Challenging Peterson
Re: The gender scandal — in Scandinavia and Canada, Jordan Peterson, Dec. 15
Jordan Peterson somehow continues to get credit for arguments about gender that entirely misrepresent what the other side is saying.
First, no one is saying that the goal is to minimize the differences between men and women. In fact, arguments for greater representation of women or minorities in certain professions or the government are based on precisely the opposite proposition: namely, that these groups bring different perspectives, approaches and experiences that have been historically undervalued/underrepresented, and that can have a positive impact on society and deserve to be heard.
Second, it is not that men’s and women’s preferences are entirely socially constructed.
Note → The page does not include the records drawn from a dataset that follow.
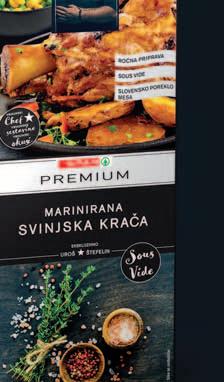 3 * Preverjeno na Biotehniški fakulteti Univerze v Ljubljani. V SODELOVANJU Z GREGORJEM VRAČKOM, CHEFOM Z MICHELINOVO ZVEZDICO • slovenski izdelek • ročna izdelava • krškopoljski prašič slovenskega avtohtonega porekla • brez barvil in ojačevalcev okusa SPAR Premium PAŠTETA IZ KRŠKOPOLJSKEGA PRAŠIČA 130 g ODLIČNA KAKOVOST* UNSKE SESTAVINE, VRHUNSKI SLOVENSKI IZDELKI. SPAR Premium MARINIRANA SVINJSKA REBRA V BBQ OMAKI pakirano, 1 kg ODLIČNA KAKOVOST* • proizvaja Mesarstvo Blatnik • marinirano v odlični BBQ omaki • ročna izdelava • pripravljeno po SOUS VIDE postopku (kuhano 12 ur na 72 oC) • sočno in nežno meso • enostavna priprava v pečici ali na žaru CENEJE 15% s SPAR plus kartico redna cena 18,99 s SPAR plus kartico 1599 SPAR Premium CHEFOV PIŠČANEC IK polnjen z dimljeno panceto, brusnicami in kostanjem, pakirano, cena za 1 kg ODLIČNA KAKOVOST* 999 289 SPAR Premium KRVAVICA postrežno, 1 kg ODLIČNA KAKOVOST* redna cena 11,99 s SPAR plus kartico 899 CENEJE 25% s SPAR plus kartico NOVO NA NAŠI POLICI • s slovensko ajdovo kašo in ješprenjem • s koščki prekajenega mesa NOVO NA NAŠI POLICI • slovensko piščančje meso • ročna izdelava • enostavna peka v pečici v priloženi posodi in foliji
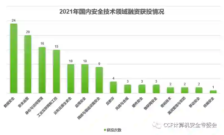 数据安全领域在2021年共获得24笔融资,在所有细分领域获投次数中最多,该领域目前融资规模近20亿元(仅统计已披露具体融资金额的数据,实际规模更高)。我国今年陆续颁布《数据安全法》、《个人信息保护法》以及《关键信息基础设施保护条例》等重磅法案,从政策层面对数据合规以及各行业的数据监管提出了更严格的要求。数据安全无疑成为本年度资本竞相追逐的热点技术领域,在众多安全投融资活动中拔得头筹。
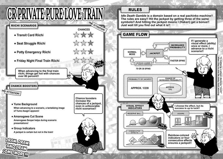 Al comienzo del capítulo 183, Hakari, supuestamente uno de los hechiceros más poderosos de la serie, usa su expansión de dominio contra el fallido mangaka Charles Bernard. Charles aprende de inmediato las reglas de la expansión del dominio de Hakari en un volcado de información masivo que también se comparte con el lector, pero no hace mucho para dilucidar cómo funciona su técnica. La técnica de Hakari se basa en la mecánica de una máquina de pachinko, y sus ataques varían en poder según la suerte. Es capaz de usar “potenciadores de oportunidad” y modos de juego alternativos como “tiempo de fiebre” para aumentar su probabilidad de obtener un premio mayor, lo que le otorgará una bonificación no revelada. También puede elegir cómo se manifiesta su técnica eligiendo diferentes “indicadores de efectos visuales”, como un par de puertas que se cierran, una bola de reserva y un multiplicador de efectos consecutivos. Además de todo esto, sus poderes pueden obtener potencia adicional o potenciadores de oportunidades a partir de escenas generadas aleatoriamente y “escenarios de riichi” que ocurren cuando está cerca de obtener un premio mayor.
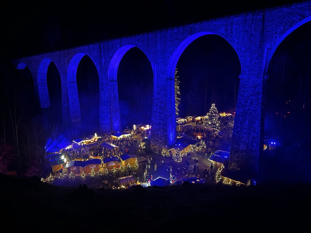 Our final stop on Saturday was the Ravenna Gorge Christmas market. This one is really special as it is located in a river gorge under the archways of a train bridge.
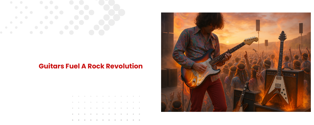 By the 1960s, the electric guitar had become the sound of freedom and youth. Bands like The Beatles brought guitar-driven music to the world, mixing melody with new recording styles. Eric Clapton showed how the instrument could deliver powerful solos and deep blues tones, inspiring countless players. Then came Jimi Hendrix, who transformed the guitar with feedback, distortion, and bold stage presence. His iconic act of setting his Fender Stratocaster on fire at Monterey became a cultural landmark. Bold designs like the Stratocaster and Gibson Flying V gave players new tones and striking looks, fueling rock’s explosive growth.
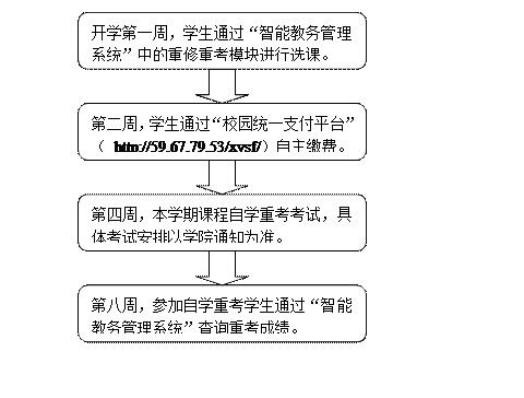 2.每学期开学第一周,员工通过“智能教务管理系统”中的重修重考模块进行网上重修重考选课。
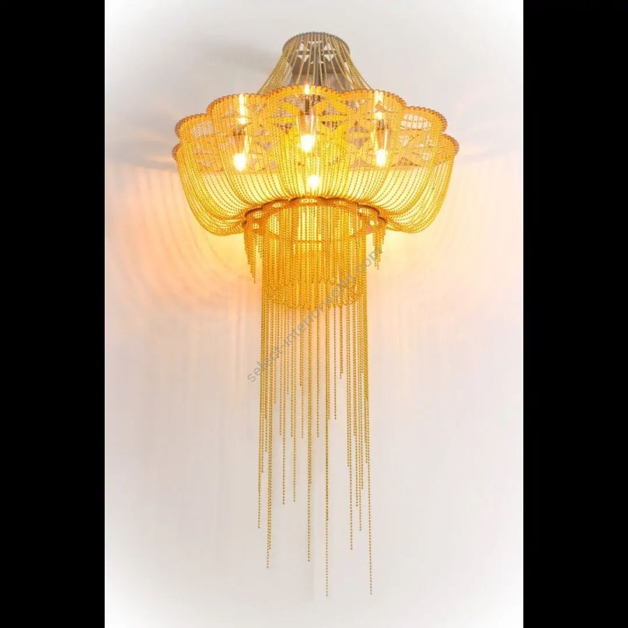 An extension of the existing `Flower of Life` chandelier collection now also available as a matching wall sconce. Illuminated by 5x G9-Halogen or LED lamps.
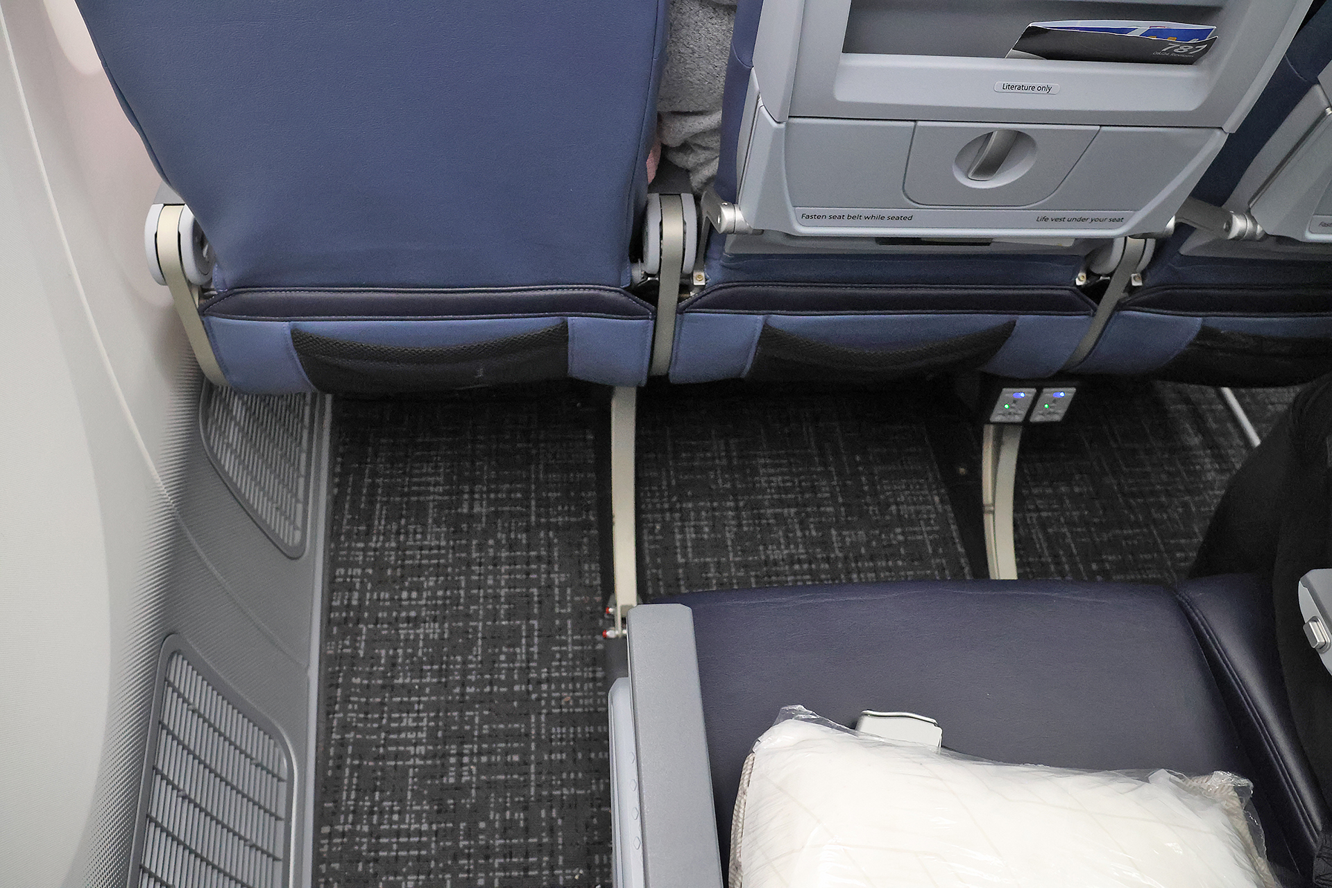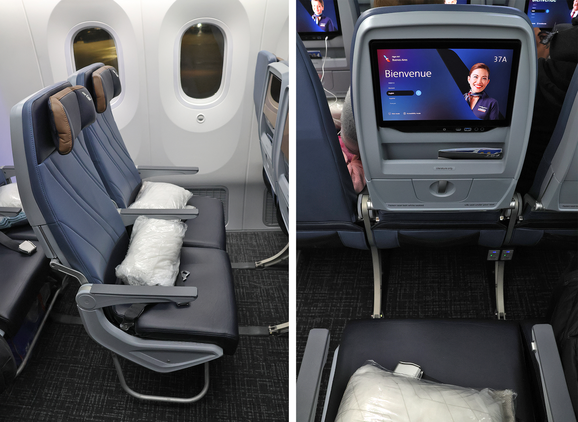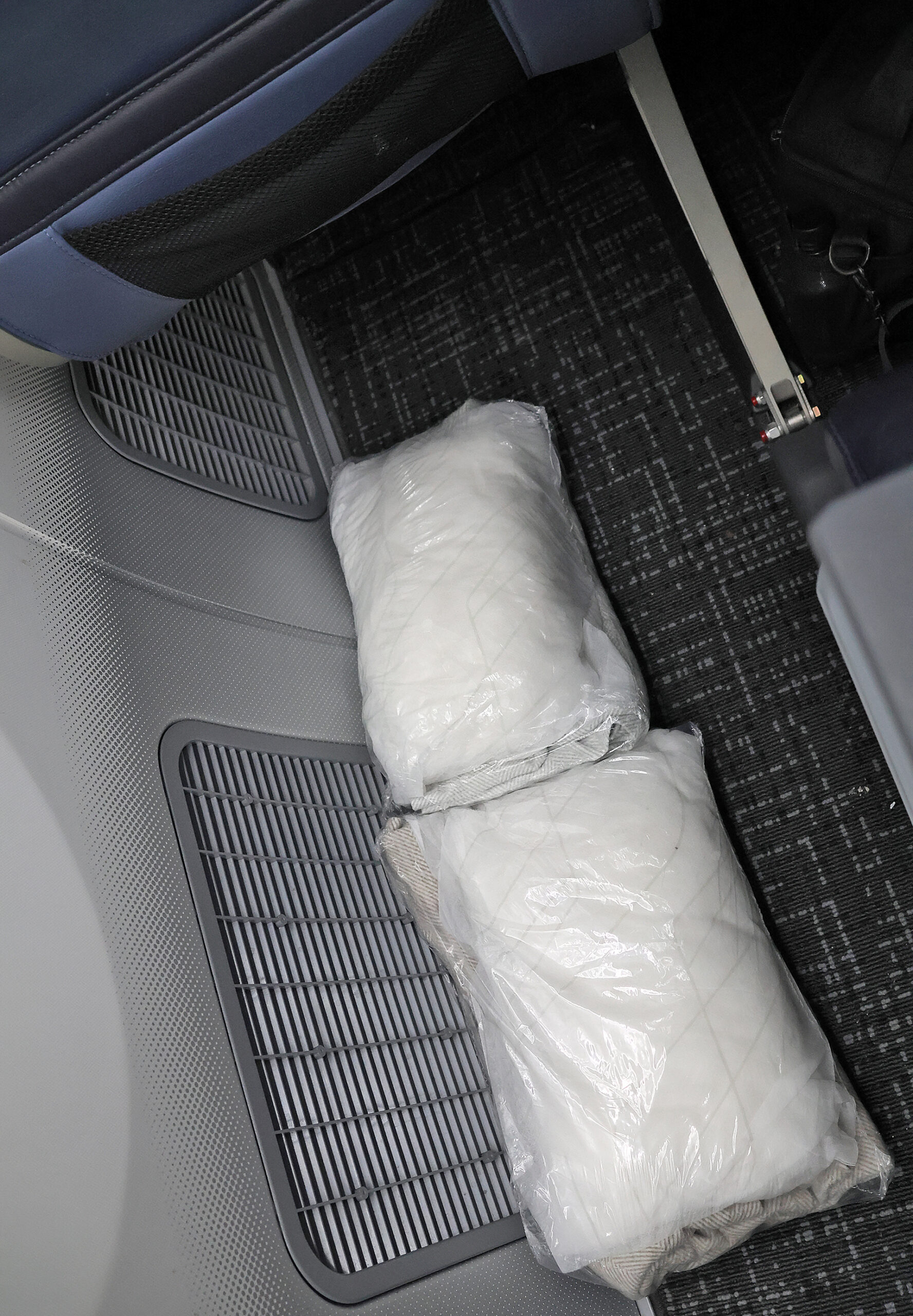 Pillows and blankets were wrapped in plastic and awaited passengers on each seat, which had little padding and became increasingly uncomfortable during the later part of the flight. The leg room was barely adequate.
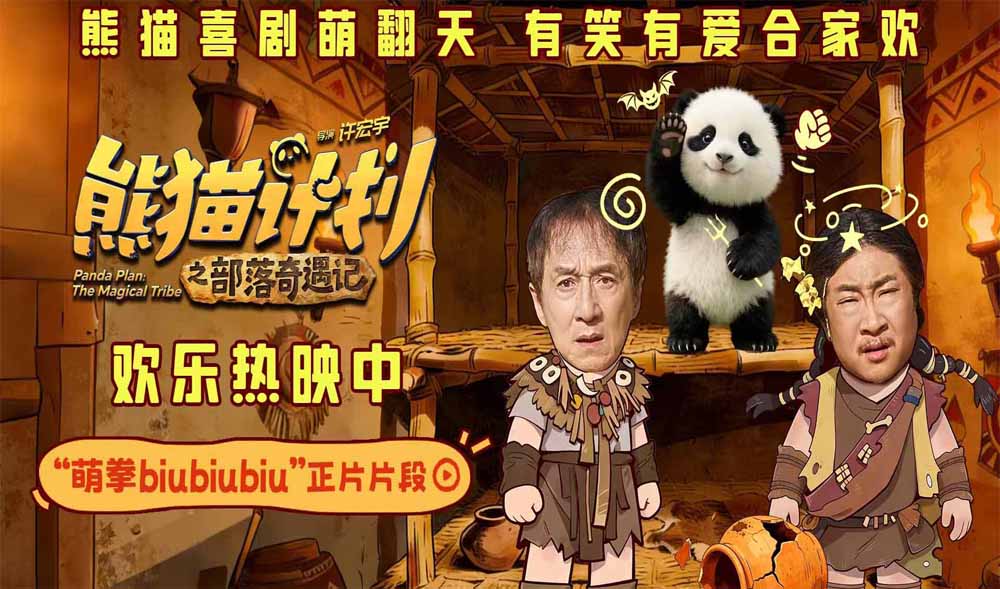 电影《熊猫计划之部落奇遇记》由许宏宇执导,胡胡、成龙、马丽、乔杉、于洋领衔主演,王影璐、张子栋特邀主演,王成思、柯达、宋木子、冯满、王星主演,潘斌龙、于荣光、胡笑源友情客串,将带领观众开启神秘部落冒险,共赴一场有笑有爱的合家欢治愈之旅。影片将于春节上映,熊猫陪你过大年!
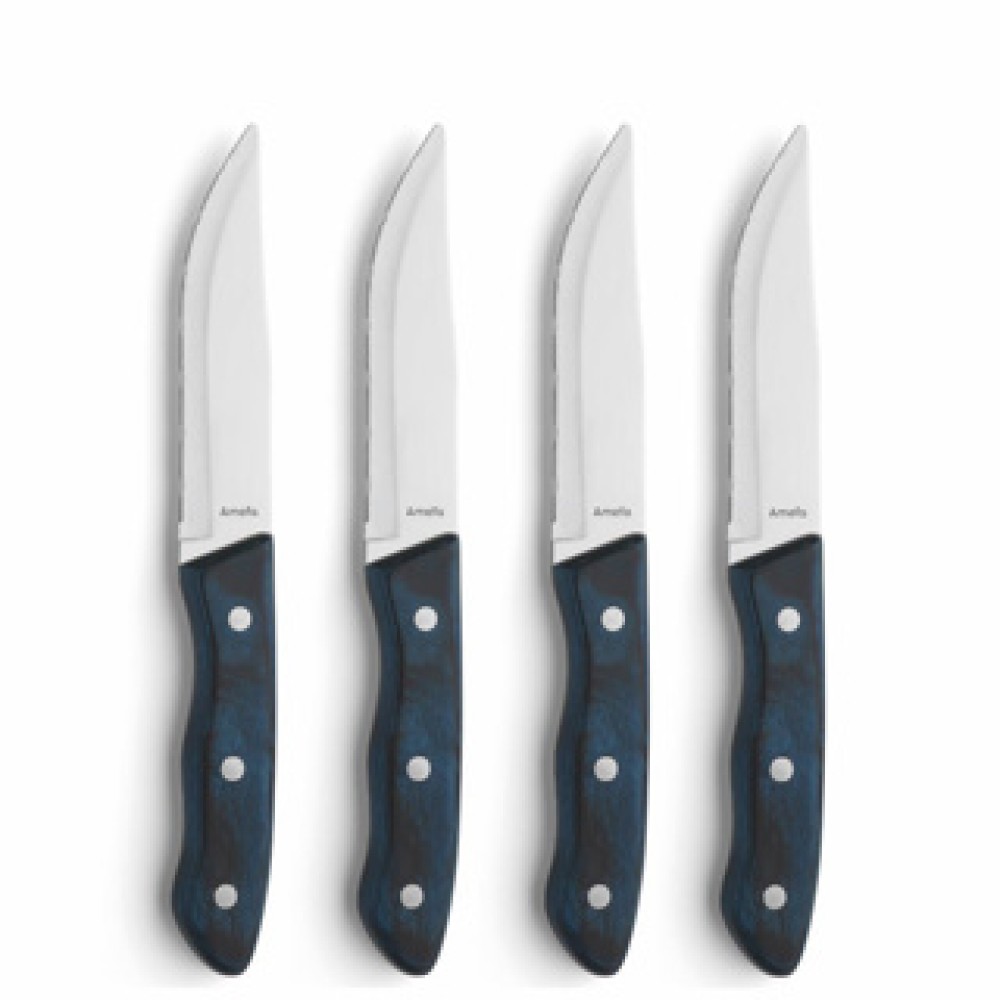 De Amefa Hercule steakmessen zijn essentieel voor iedereen die van een goed stuk vlees houdt. Deze set van vier messen maakt het snijden van steak eenvoudig en plezierig. Dankzij de scherpe snijkant en comfortabele handgrepen zijn ze voor zowel dagelijks gebruik als speciale diners perfect.
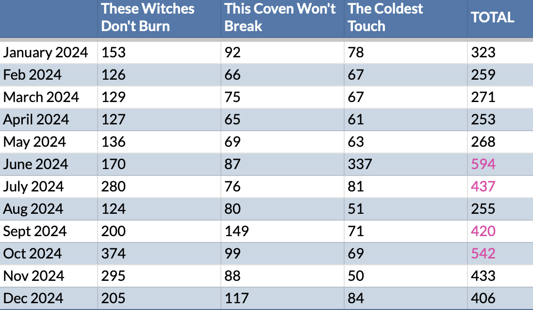 In the graph, These Witches Don't Burn is in pink, This Coven Won't Break is in green, and The Coldest Touch is in blue.
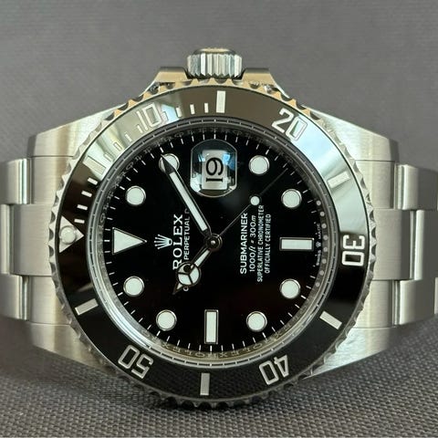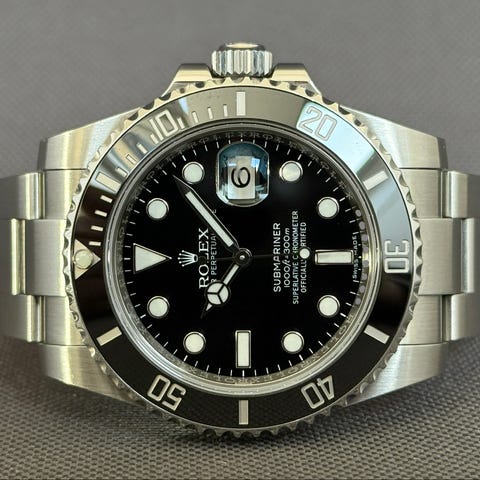 Komplet eksemplar af den ikoniske og eftertragtede Submariner Date 116610LN med en diameter på 40mm fra dansk AD. Inde i låsen sidder Rolex’s system ‘glidelock’ som let kan justere omkredsen på lænken. Inde i den massive stålkasse sidder Rolex’s Caliber 3135 som yder 48 timers gangreserve og en garanteret vandtæthed ned til 300 meter.
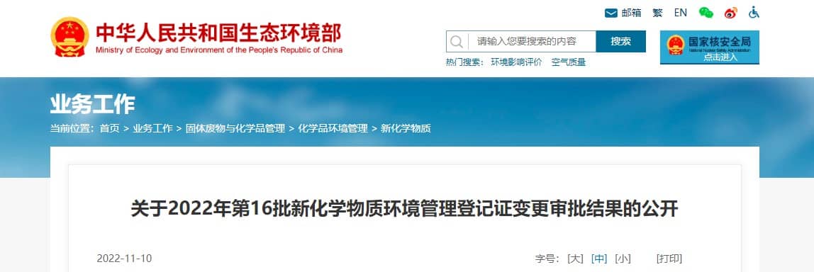按照《中华人民共和国政府信息公开条例》(国务院令第711号)的要求,现将2022年第16批新化学物质环境管理登记证变更审批结果予以公开。
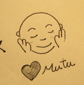 まつ毛とほっぺは私が鉛筆で書き足しました^-^
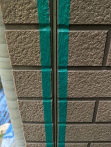 ↓まずは旧目地を撤去して養生テープを貼る
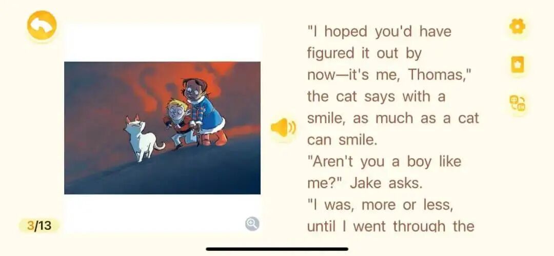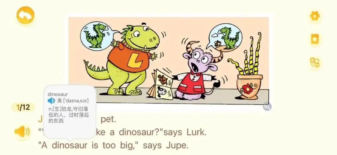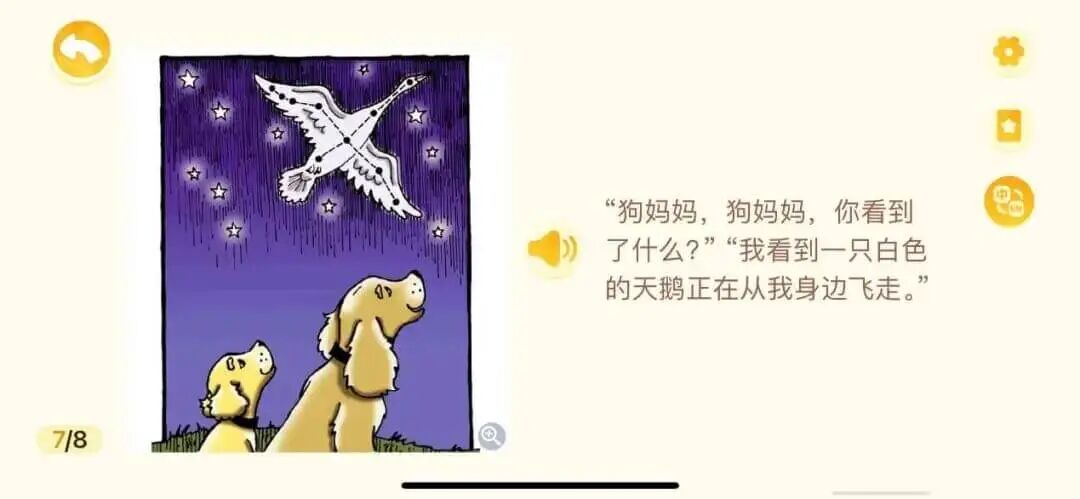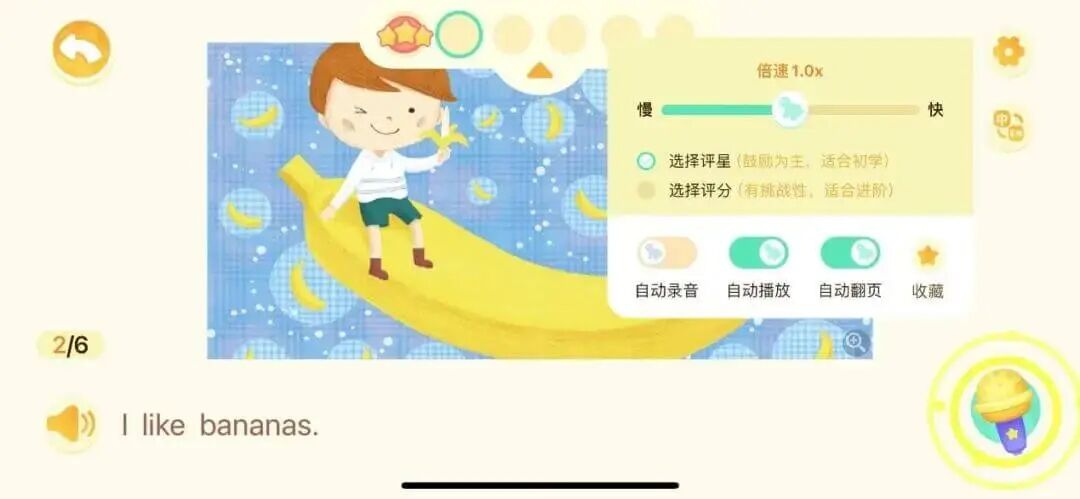 读——这部分的亮点有两个,一有是AI 跟读测评打分的功能,系统会先播放一遍原音,让孩子进行跟读,然后进行评分/评星,每一页都可以进行反复跟读👇

It’s that regardless of whether those differences are biological, socially constructed, or a bit of both (as I think most reasonable people believe), they should be equally valued. The problem is that those attributes that are deemed feminine are often devalued, discounted and even reviled. This translates into careers and then income, such that careers that require care work or other ‘female-coded’ skills are afforded much less esteem — and ultimately pay — than male-dominated professions.
Finally, Peterson’s assertion that the left wants to “eliminate gender identity in young children” is also misguided. Rather than erasing it, and making everyone the same, the left wants children to express their gender identity in the way that makes them feel whole — which may or may not match the characteristics that society prescribes to their genitalia. Julia Lockhart, Ottawa
Jordan Peterson wants cabinet members to be selected based on their competence level. Their genders would then reflect those of MPs overall, he claims, citing what he believes to be statistical likelihood.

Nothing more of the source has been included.